Biosynthesis of the Immunomodulatory Molecule Capsular Polysaccharide A from Bacteroides fragilis

2.1 Initiating the CPSA biosynthesis

The function of the nine genes have been elucidated and a pathway has been constructed (Figure 5). The identity of the genes present in the CPSA gene locus suggests that the most likely route for assembling the complex bacterial polysaccharide is a Wzy-dependent pathway in which the repeat unit oligosaccharides are assembled one sugar at a time on the cytosolic face of the bacterial inner membrane [31]. Assembly of the oligosaccharide takes place on a C55 isoprenoid bactoprenol [32]. It is a hydrophobic anchor which holds the growing polymer in the cell membrane.

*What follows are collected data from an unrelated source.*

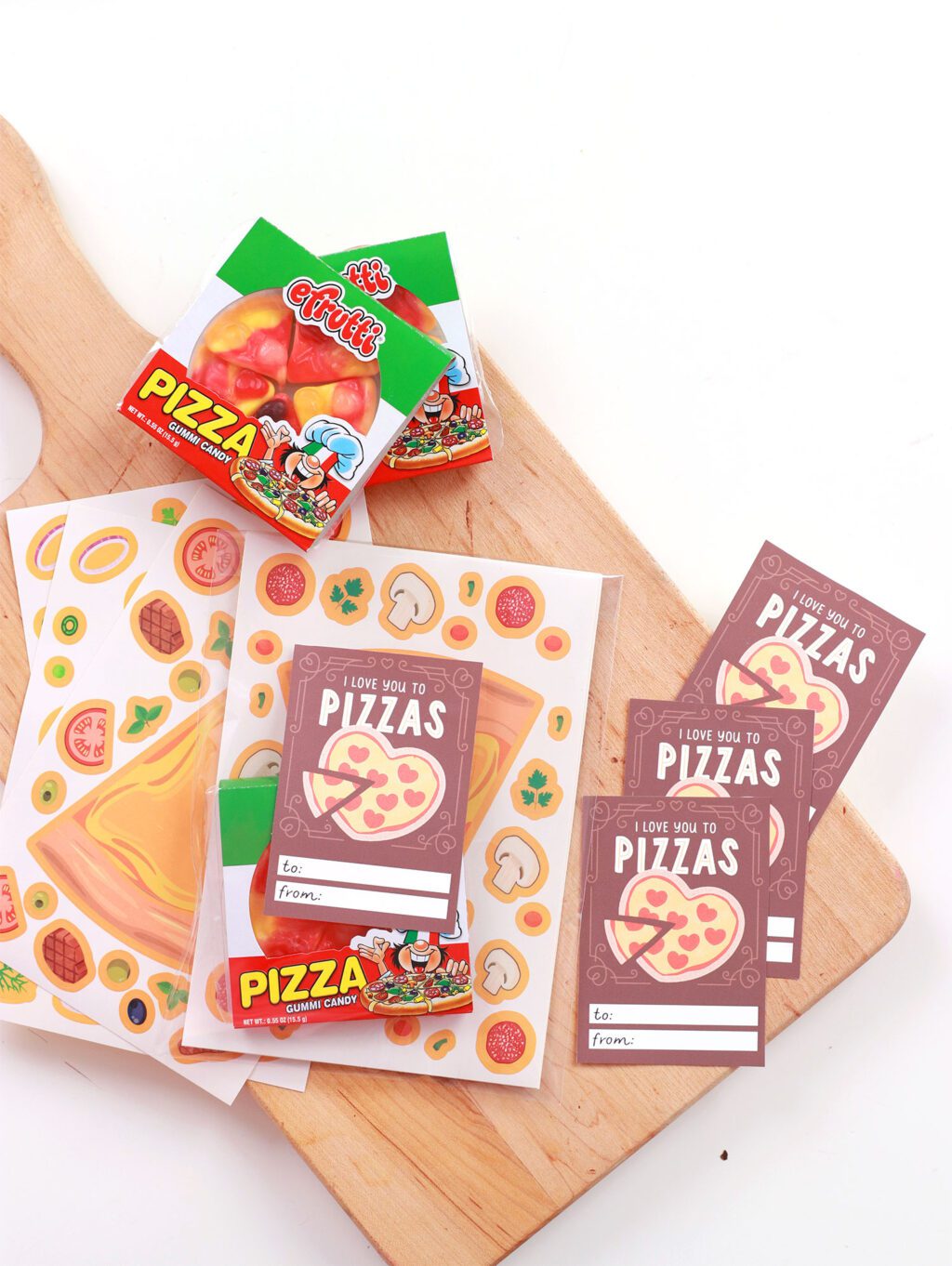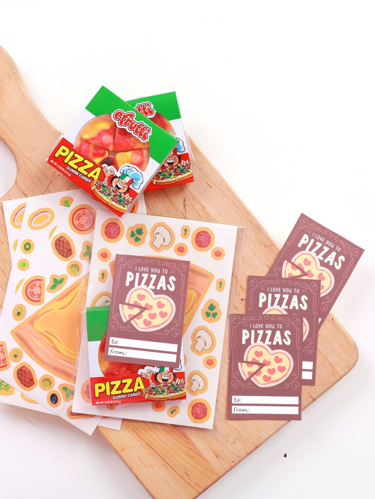 My 9 year old son wasnt too keen on the pink popsicles so he opted for a pizza themed valentine! I started with cellophane bags and filled them with stickers and treats.
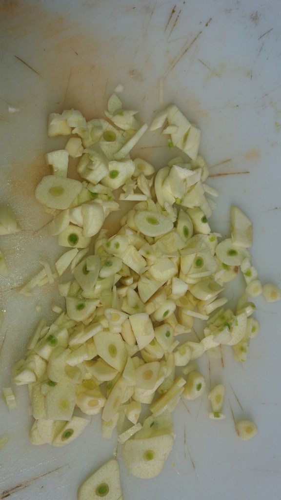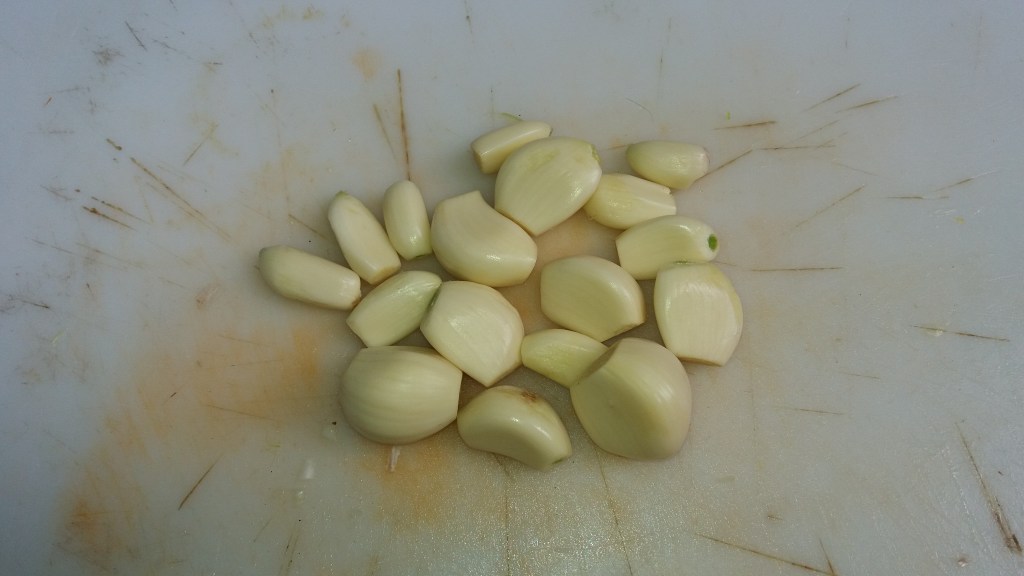 – Alho (a gosto, eu uso duas cabeças) – descasque e lamine. Reserve
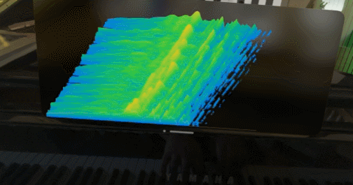 Synesthesia AR: a sound visualization app with chord analyzer, tuner, waveform, spectrogram, and equalizer. It comes with AI driven analysis to help you learn and compose music. Its visual interface makes it easy for people learning sheet music.

The enzymes responsible for the synthesis of the first sugar, AADGal, in the tetrameric repeat, and the enzyme that catalyzes the transfer of this sugar to the bactoprenol anchor have been well characterized [33]. AADGal is synthesized by the sequential action of a dehydratase and an aminotransferase, which is then transferred to the bactoprenyl anchor by a hexose phosphate initiating transferase. Within the CPSA biosynthesis locus, there is a predicted aminotransferase gene, wcfR, and a hexose phosphate initiating transferase, wcfS, but no predicted dehydratase was found. However, a gene encoding a potential dehydratase, ungD2, has been identified elsewhere in the B. fragilis genome. When this gene was knocked out by Coyne et al, they found out that, synthesis of the seven out of the eight capsular polysaccharides was stopped. Initial studies with UngD2 and WcfR did not show any promise in the synthesis of AADGal. Hence a previously well characterized dehydratase, PglF [34], from Campylobacter jejuni was used to provide the substrate needed for WcfR function. The coupling of these enzymes together led to the production of AADGal (Figure 6) [35, 36]. This also points to the notion that depending on homology alone for functional assignment of genes, is not always right, and wet lab results are needed to confirm the function of the gene product.

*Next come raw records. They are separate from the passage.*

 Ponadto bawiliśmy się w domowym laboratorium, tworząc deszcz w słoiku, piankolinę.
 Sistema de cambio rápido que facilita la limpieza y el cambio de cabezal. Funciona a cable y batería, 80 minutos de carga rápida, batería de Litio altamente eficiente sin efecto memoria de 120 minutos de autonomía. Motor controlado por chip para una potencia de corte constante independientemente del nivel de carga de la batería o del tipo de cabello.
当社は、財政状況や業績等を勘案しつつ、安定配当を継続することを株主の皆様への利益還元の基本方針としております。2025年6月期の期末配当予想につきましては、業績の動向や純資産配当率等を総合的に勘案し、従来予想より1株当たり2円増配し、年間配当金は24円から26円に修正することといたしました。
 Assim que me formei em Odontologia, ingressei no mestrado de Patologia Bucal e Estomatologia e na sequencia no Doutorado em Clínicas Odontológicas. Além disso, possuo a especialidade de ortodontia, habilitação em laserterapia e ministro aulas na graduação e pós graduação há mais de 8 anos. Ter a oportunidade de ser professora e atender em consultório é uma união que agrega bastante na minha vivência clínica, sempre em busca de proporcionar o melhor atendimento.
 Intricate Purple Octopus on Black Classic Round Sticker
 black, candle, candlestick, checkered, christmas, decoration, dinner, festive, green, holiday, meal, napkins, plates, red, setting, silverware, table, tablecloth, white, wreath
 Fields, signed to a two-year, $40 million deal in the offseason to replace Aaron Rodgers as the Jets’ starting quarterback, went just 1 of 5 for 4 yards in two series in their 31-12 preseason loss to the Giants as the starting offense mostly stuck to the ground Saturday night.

The synthesized UDP-AADGal was further used as a potential substrate for WcfS, identified as the initiating hexose phosphate transferase. Studies done by Mostafavi et al. demonstrated that WcfS was indeed the initiating hexose phosphate transferase, which lead to the formation of the bactoprenyl linked monosaccharide (Figure 7) [33].

As mentioned previously, assembly of the polysaccharides in bacterial cells is done on a C55 bactoprenyl anchor. It is produced by the condensation of farnesyl diphosphate (FPP) to eight units of isopentenyl diphosphate (IPP), done by the enzyme undecaprenyl diphosphate synthase (UPPS). A major drawback of using this compound in in vitro assays is that, it does not have easily distinguishable chromophores associated to it, hence very few rapid assays are available to detect and quantify the activity of enzymes associated with polysaccharide synthesis. To circumvent this problem, the Troutman lab developed fluorescent analogues of the native bactoprenyl, which are easily traceable [25, 37]. Assays done using these analogues take a short time to reveal valuable information about the enzymes when compared to traditional assays, which follow the more tedious route of using radioactive labeled substrates. Mostafavi et al. used a p-nitroaniline bactoprenyl phosphate analogue to find out the function of WcfS (Figure 7) [33].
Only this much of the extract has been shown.